#### WHAT NEEDS TO BE DONE:
Look below for the line with "Prime Minister Youth" and the line with "美国供应商(即中间商、转化服"; repeat exactly those two lines and all lines between them, but no pictures.

#### RECORDS PROVIDED:

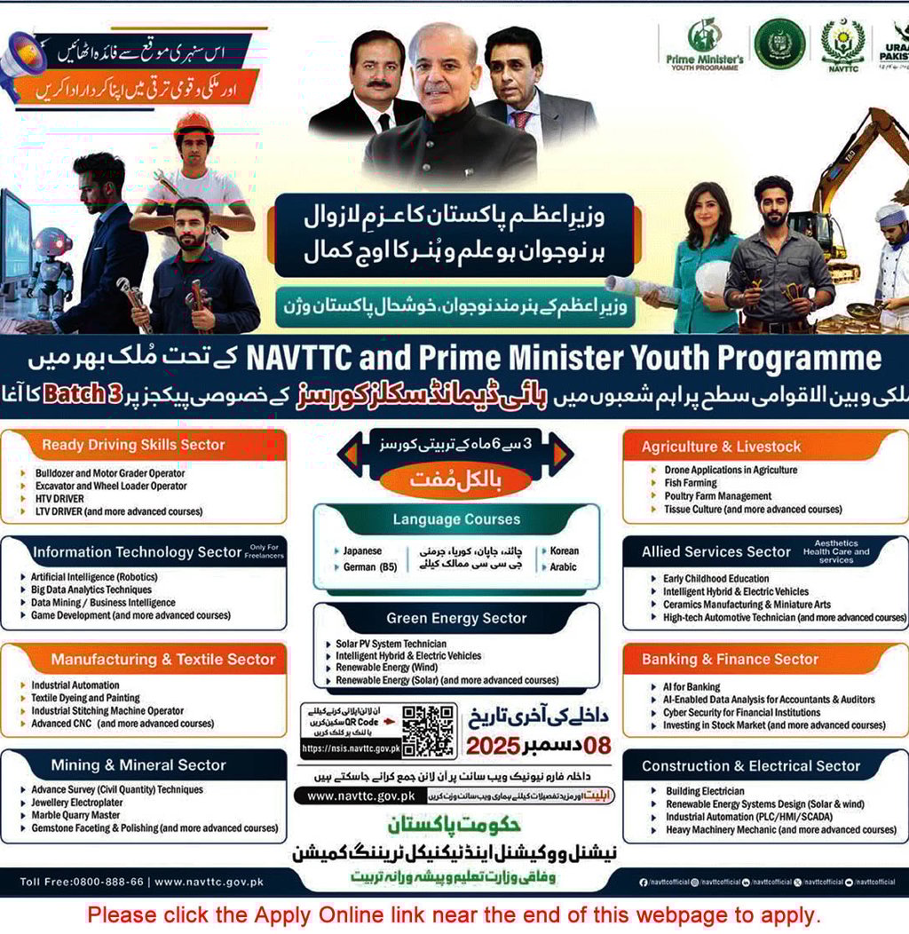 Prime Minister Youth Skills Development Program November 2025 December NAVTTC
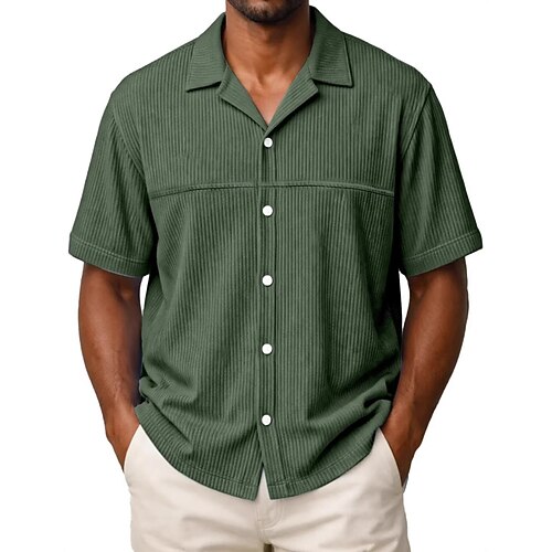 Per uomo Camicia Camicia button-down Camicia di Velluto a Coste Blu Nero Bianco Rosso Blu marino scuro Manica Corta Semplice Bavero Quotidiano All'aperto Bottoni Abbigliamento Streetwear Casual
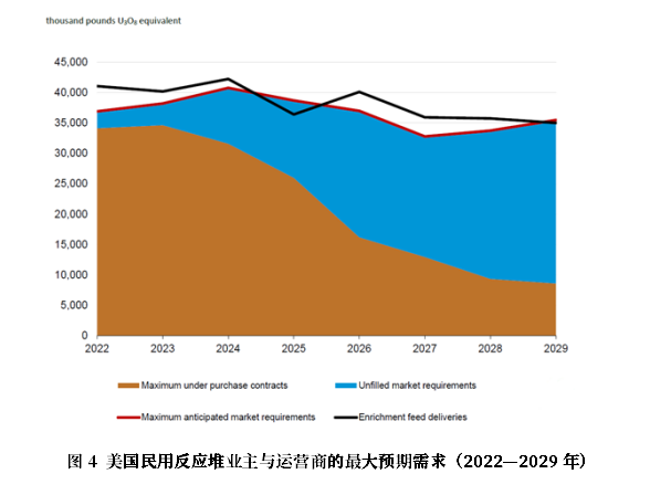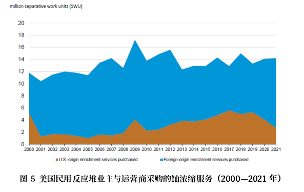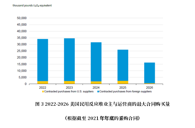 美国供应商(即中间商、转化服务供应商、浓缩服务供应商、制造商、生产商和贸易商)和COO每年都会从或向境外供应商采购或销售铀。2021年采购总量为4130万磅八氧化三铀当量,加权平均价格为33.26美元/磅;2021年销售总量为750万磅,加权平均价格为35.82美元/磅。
==
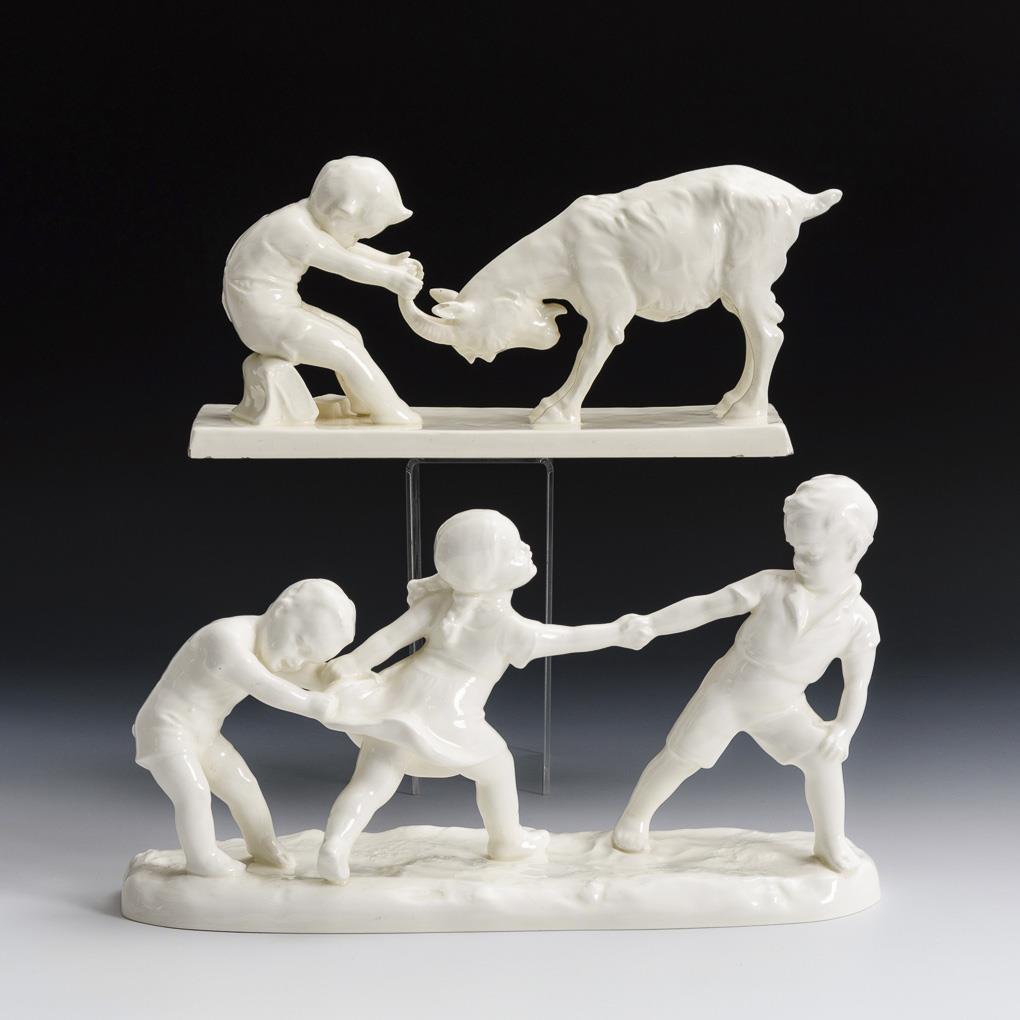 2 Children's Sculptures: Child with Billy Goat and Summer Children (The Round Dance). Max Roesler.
---
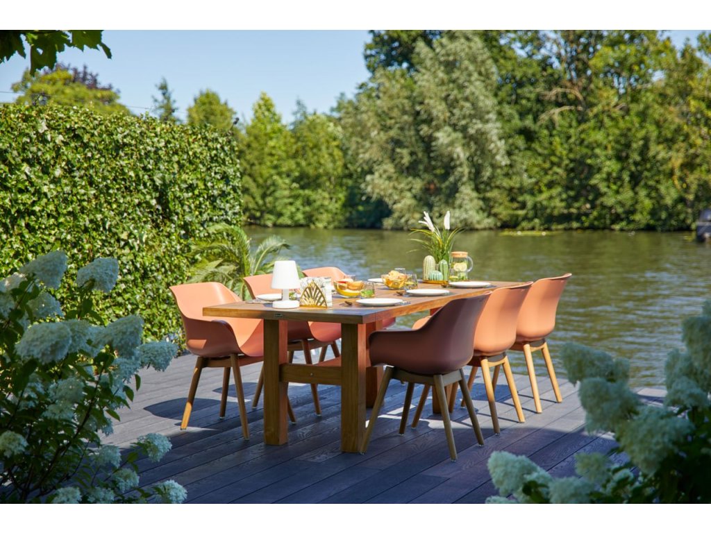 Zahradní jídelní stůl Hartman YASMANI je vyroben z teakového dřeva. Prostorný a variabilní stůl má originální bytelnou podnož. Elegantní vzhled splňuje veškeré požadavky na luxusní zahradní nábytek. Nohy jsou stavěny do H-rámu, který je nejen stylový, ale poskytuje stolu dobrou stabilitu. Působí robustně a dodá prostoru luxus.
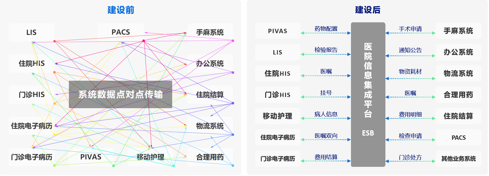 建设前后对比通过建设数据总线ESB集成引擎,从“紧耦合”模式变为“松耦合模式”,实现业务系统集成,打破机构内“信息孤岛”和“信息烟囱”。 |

#### RESPONSE:
 Prime Minister Youth Skills Development Program November 2025 December NAVTTC
 Per uomo Camicia Camicia button-down Camicia di Velluto a Coste Blu Nero Bianco Rosso Blu marino scuro Manica Corta Semplice Bavero Quotidiano All'aperto Bottoni Abbigliamento Streetwear Casual
 美国供应商(即中间商、转化服务供应商、浓缩服务供应商、制造商、生产商和贸易商)和COO每年都会从或向境外供应商采购或销售铀。2021年采购总量为4130万磅八氧化三铀当量,加权平均价格为33.26美元/磅;2021年销售总量为750万磅,加权平均价格为35.82美元/磅。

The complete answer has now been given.